Vai daí peço vênia para compartilhar convosco a mais recente e insuportável dor que me acomete, tentando ameaçar a minha reta de chegada, logo agora, quando estou a poucos quilômetros de completar o meu desafio de sessentão, que é totalizar, ao longo deste ano, distância equivalente à de sessenta maratonas.
Pode deixar que eu faço a conta: 60 vezes 42,2 quilômetros resultam em 2.532 quilômetros. Se conseguir, será para mim recorde mundial pessoal interplanetário e intergaláxico de várias gerações. Como disse em meu primeiro livro de corridas, o “MARATONANDO”, venho de uma estirpe de sedentários, gloriosa linhagem de gente especializada em viver a vida como podia sem fazer grandes marolas e sem inventar correrias.
Hoje de manhã faltavam menos de noventa quilômetros para eu atingir a meta. Saí para o treino, portanto, entusiasmado com a perspectiva de chegar mais perto de meu objetivo. E a manhã estava gloriosa, com os termômetros da rua marcando, às 6h30, meros 16 graus. Dia especial para correr.
E me fui! Aproveitando o clima, tratei de fazer blocos de três quilômetros, combinando 2.700 metros correndo e 300 metros caminhando. É uma forma preconizada pelo já citado Alexandre Blass para reduzir riscos de lesões ao mesmo tempo em que proporciona a possibilidade de treinos mais longos ou mais intensos (em blocos mais curtos).
Está dando certo. Neste ano não tive nenhuma lesão importante, apesar do, para meus padrões, alto volume realizado. E houve intensidade também: no final de maio e início de junho, corri três meias maratonas em três finais de semana seguidos.
Mas dores senti e sinto. Hoje, por exemplo, do nada, me agulhou o posterior da coxa direita. Não me lembro de ter feito nenhum movimento brusco, aberto a passada, acelerado ou reduzido de sopetão. Nada. Mesmo assim,  quando passava um pouco dos sete quilômetros de jornada e eu já estava perto dos portões da Cidade Universitária, a perna gemeu, a coxa estrilou: o velho aqui mancou.
Fiz o que faço sempre quando surge alguma dor durante a corrida. Primeiro, paro, penso, sinto, tento identificar o que aconteceu e avaliar o risco de continuar. Em geral, como fiz hoje, sigo caminhando por algumas centenas de metros e depois tento correr.
Cada passo foi sofrido, mas possível. Inteirei oito quilômetros, o que é melhor do que nada, já dentro do território uspiano. Confiando no descanso, tentei correr. DOR! Então abortei o treino e peguei um ônibus para voltar e fazer o tratamento doméstico mais imediato.
O que fiz foi aplicar uma bolsa de gelo na área dolorida, ficando ali por quinze minutos. O objetivo é reduzir a inflamação, e isso precisa ser feito o quanto antes. Já tinha se passado mais de uma hora da lesão, mas taquei gelo assim mesmo. Depois, apliquei bolsa de água quente, para relaxar a musculatura. Vamos ver o que acontece.
Enquanto isso, vou contando histórias.
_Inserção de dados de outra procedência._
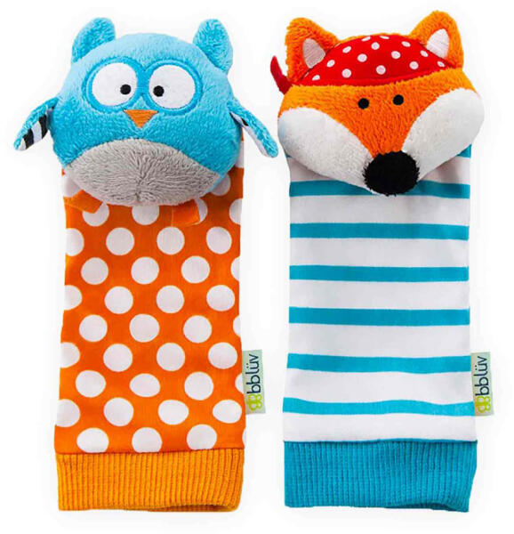 Zokni csörgő szett. Bblüv Duö zokni csörgő segíthet a babáknak stimulálni a hallásban és a finom motoros fejlődésben színes, mintás anyagból készültek szuper aranyosak bábozásra is használható újszülött kortól mosógépben kímélő programmal mosható

O caso do posterior da coxa podre foi o mote da transmissão que fiz ao vivo na manhã de hoje, que você pode assistir CLICANDO AQUI.


Além de contar minha história triste, comentei noticiário quentinho, que li hoje no “The New York Times”. Trata-se de uma nova recomendação dos principais corpos médicos dos Estados Unidos na área de cardiologia. Depois de analisar avaliações de milhares de estudos de caso, eles decidiram modificar o critério de definição de pressão alta.
Até ontem nos EUA, pressão de 14 por nove era considerada saudável, normal, “boa”. A partir de hoje, com a mudança de critérios, o máximo para “passar” no exame de saúde é 13 por nove. 
Isso significa que um batalhão de norte-americanos que eram considerados saudáveis passam a estar inscritos entre os que sofrem de pressão alta: em números absolutos, a população hipertensa passa de 72 milhões de adultos até 45 anos para 103 milhões.
Nem todos vão precisar receber remédios; para a imensa maioria dos novos hipertensos ajustes no estilo de vida devem bastar. A receita é conhecida: alimentação saudável e exercício físico. 
E é bom que apostem e insistam nessa linha porque o tratamento medicamentoso também tem riscos, especialmente de atingir os rins. Quer dizer: a pessoa fica bem do coração, mas tem aumento de riscos de problemas renais.
Essa preocupação toda das associações médicas se justifica porque a pressão alta é o segundo maior fator de risco para ataques cardíacos –o primeiro é o fumo. E problemas cardiológicos são a principal causa de morte nos Estados Unidos.
Vamos ver se funciona.
Mudando de saco para mala: no vídeo também comentei a camiseta de corrida que usei no meu treino de hoje. É uma velhinha, que ganhei no final da década passada quando participei da Meia Maratona de Lima, que é tida como a corrida mais antiga da América Latina –nas Américas, perde apenas para a Maratona de Boston.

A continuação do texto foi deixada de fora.